Integrating State Space Model and Transformer for Global-Local Processing in Super-Resolution Networks
摘要
评审与讨论
The paper presents a super-resolution network called SST (State Space Transformer), which integrates Mamba State Space Models (SSM) with Transformer self-attention layers. The authors aim to leverage the strengths of both architectures to enhance single image super-resolution (SISR) tasks. The Mamba model is noted for its ability to process global information efficiently due to its linear complexity, while Transformer models, particularly the Swin Transformer, excel in local region representation but suffer from quadratic complexity, limiting their receptive fields. The proposed SST model addresses the shortcomings of both approaches by combining their advantages. The authors introduce an updateable register to mitigate feature map artifacts commonly found in Mamba models and propose a new attention mechanism called SE-Scaling to reduce computational costs while improving performance.
优点
- By introducing the SE-Scaling mechanism, the model reduces the computational burden typically associated with channel attention mechanisms, making it suitable for lightweight applications.
- The paper reports that SST achieves state-of-the-art results on both classical and lightweight super-resolution tasks, demonstrating its effectiveness through extensive experiments on various benchmark datasets.
缺点
- The combination of Mamba SSM and Transformer architectures allows the model to capture both global and local contextual information effectively, however, they are both from current knowledge. Besides, the idea of combining Mamba and Transformer has been already proposed.

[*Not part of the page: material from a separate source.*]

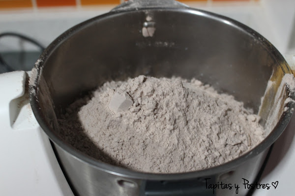 Ponemos la harina,canela, cacao y sal en el vaso de la thermomix y tamizamos.
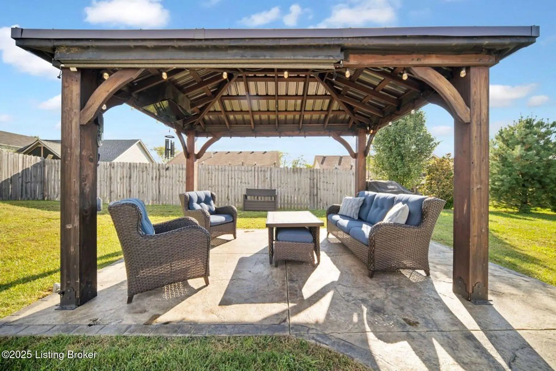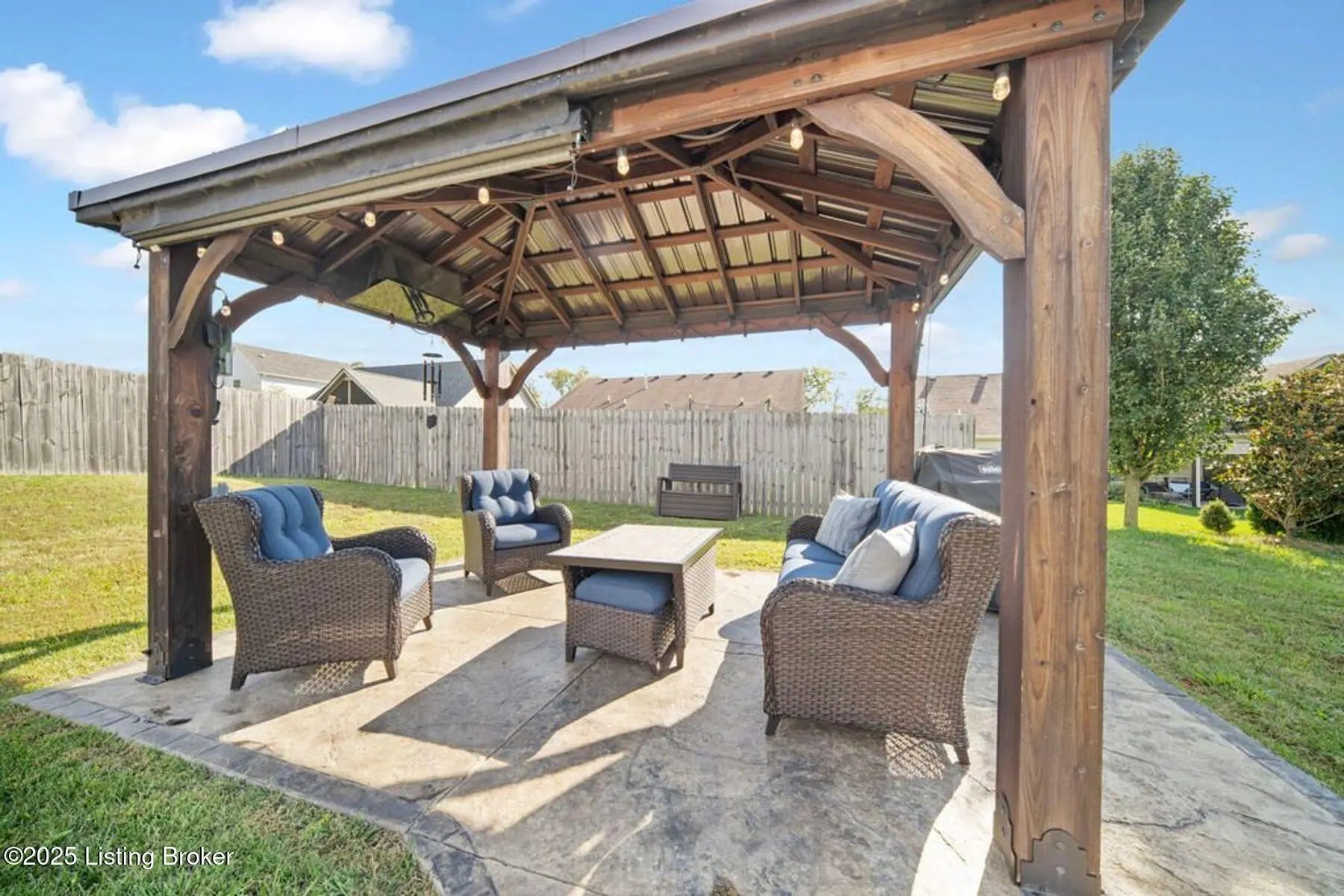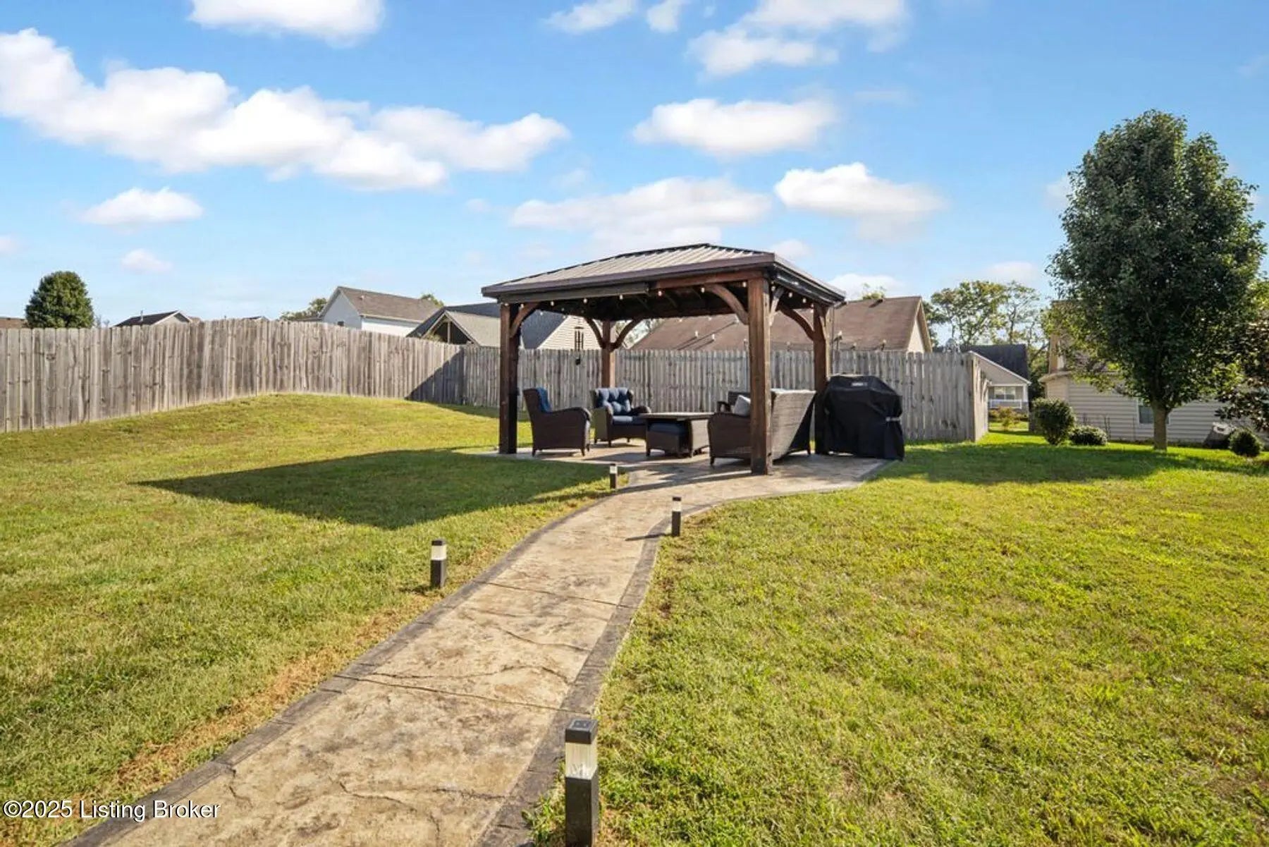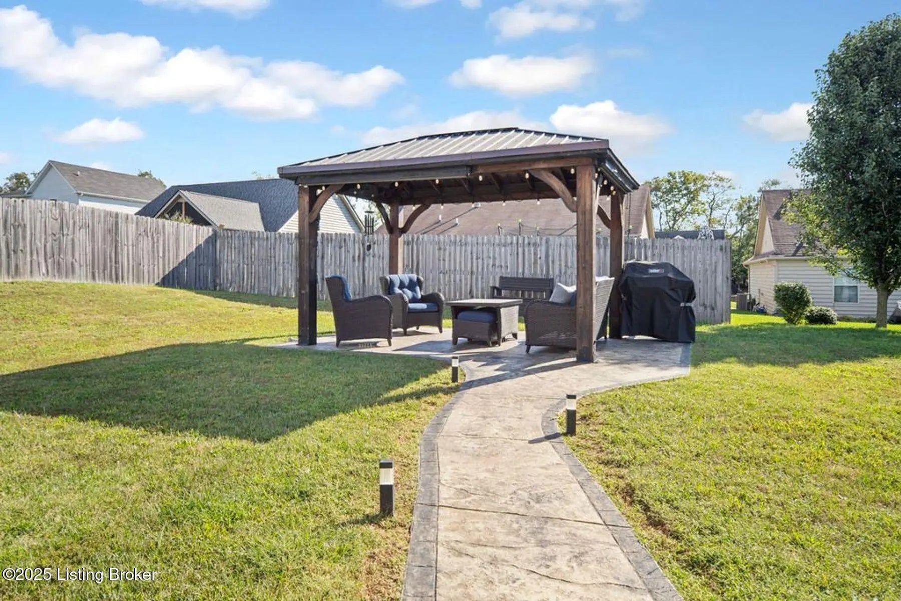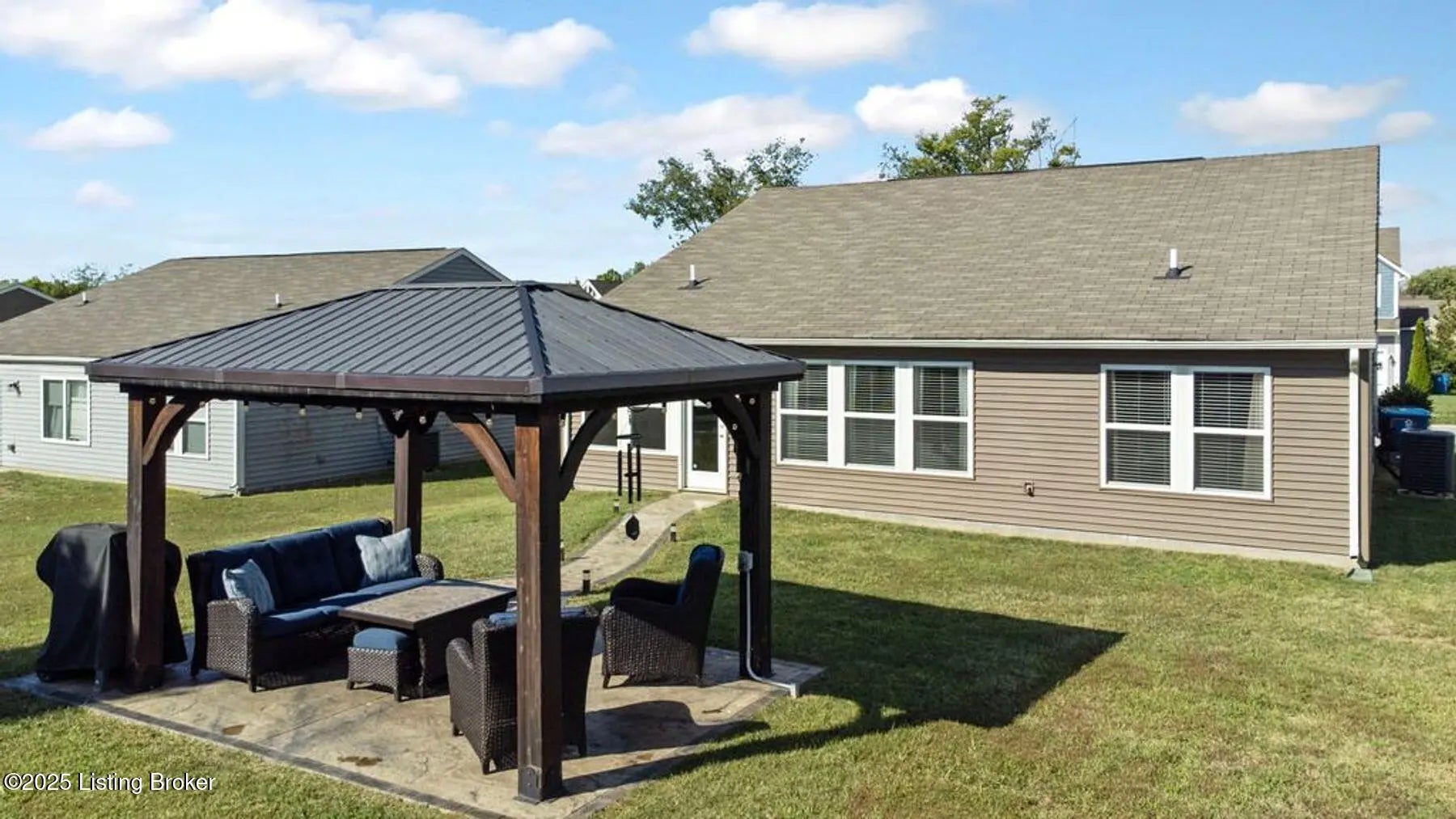 Welcome to this well-maintained 3 bedroom, 2 bath, less than 5 year old home in the desirable Summersfield Place subdivision. Providing one-level living, and a split floor plan with primary being on one side of the house, while the other 2 bedrooms are on the other side, everyone has a place to call their own. The spacious kitchen with island, features stainless steel appliances which remain, granite countertops, tiled backsplash, and LVP flooring, which extends through the kitchen, dining area, bathrooms, and hallways for easy living. The real star of the show? You will get to enjoy your own private outdoor retreat with a custom-built gazebo complete with electrical hookups for lighting and TV (which remain), plus a gorgeous & stylish stamped concrete sidewalk leading to the patio. With the right offer, the patio furniture can also be negotiated to stay...giving you a ready-made space for entertaining, grilling, and watching your favorite game! Additional features include a 2-car garage with side entry door, and convenient access to popular Shelby County dining, shopping, and attractions. This property combines comfort, style, and location, ready for its next owners!

- Compared to SOTA methods, the improvement is not significant, such as ERF in figure 2 against MambaIR and quantitative results against DAT.
- Missing in-depth motivation. This article seems to be just a simple attempt at an IR mission by combining Mamba and current Transformer structures.
- The model complexity is still large, what is the merit by using Mamba?
- More recent mamba-based image SR works should be referenced and compared.
问题
See the weakness.
This work introduces SST, a new model that integrates Mamba and Transformer to extract global and local information, respectively. This work is well-written, and the method is clear and easy to understand.
优点
- This work effectively integrates Mamba and Transformer, and the visualization results show that the hybrid structure can activate a wider range of pixels.
- This work made some improvements to Mamba to alleviate the feature artifact problem.
缺点
- The authors claim the proposed SE-Scaling can significantly reduce the computational cost, but in Table 3, the Macs of using SE-Scaling are higher than Channel-Attention.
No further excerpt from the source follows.